(Requirement) Look below for the line that has "脊髓MRI见颈椎部蛛网膜下腔". Set down the lines from there through the line that has "Jumping Deer and", exactly as written.

(Records shown)
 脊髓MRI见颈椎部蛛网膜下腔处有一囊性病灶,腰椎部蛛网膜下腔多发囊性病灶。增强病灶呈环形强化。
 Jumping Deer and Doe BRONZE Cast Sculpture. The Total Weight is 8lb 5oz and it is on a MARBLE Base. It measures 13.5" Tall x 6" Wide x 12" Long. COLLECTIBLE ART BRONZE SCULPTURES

==

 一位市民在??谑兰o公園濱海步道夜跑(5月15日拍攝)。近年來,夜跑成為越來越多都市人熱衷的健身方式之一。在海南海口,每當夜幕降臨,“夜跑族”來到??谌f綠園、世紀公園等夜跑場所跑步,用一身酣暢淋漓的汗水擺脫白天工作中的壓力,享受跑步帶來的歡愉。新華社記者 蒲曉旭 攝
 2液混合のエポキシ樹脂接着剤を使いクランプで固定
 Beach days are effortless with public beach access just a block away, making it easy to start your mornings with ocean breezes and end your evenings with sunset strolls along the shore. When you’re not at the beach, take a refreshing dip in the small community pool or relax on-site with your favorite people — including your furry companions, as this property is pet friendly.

(Written response)
 脊髓MRI见颈椎部蛛网膜下腔处有一囊性病灶,腰椎部蛛网膜下腔多发囊性病灶。增强病灶呈环形强化。
 Jumping Deer and Doe BRONZE Cast Sculpture. The Total Weight is 8lb 5oz and it is on a MARBLE Base. It measures 13.5" Tall x 6" Wide x 12" Long. COLLECTIBLE ART BRONZE SCULPTURES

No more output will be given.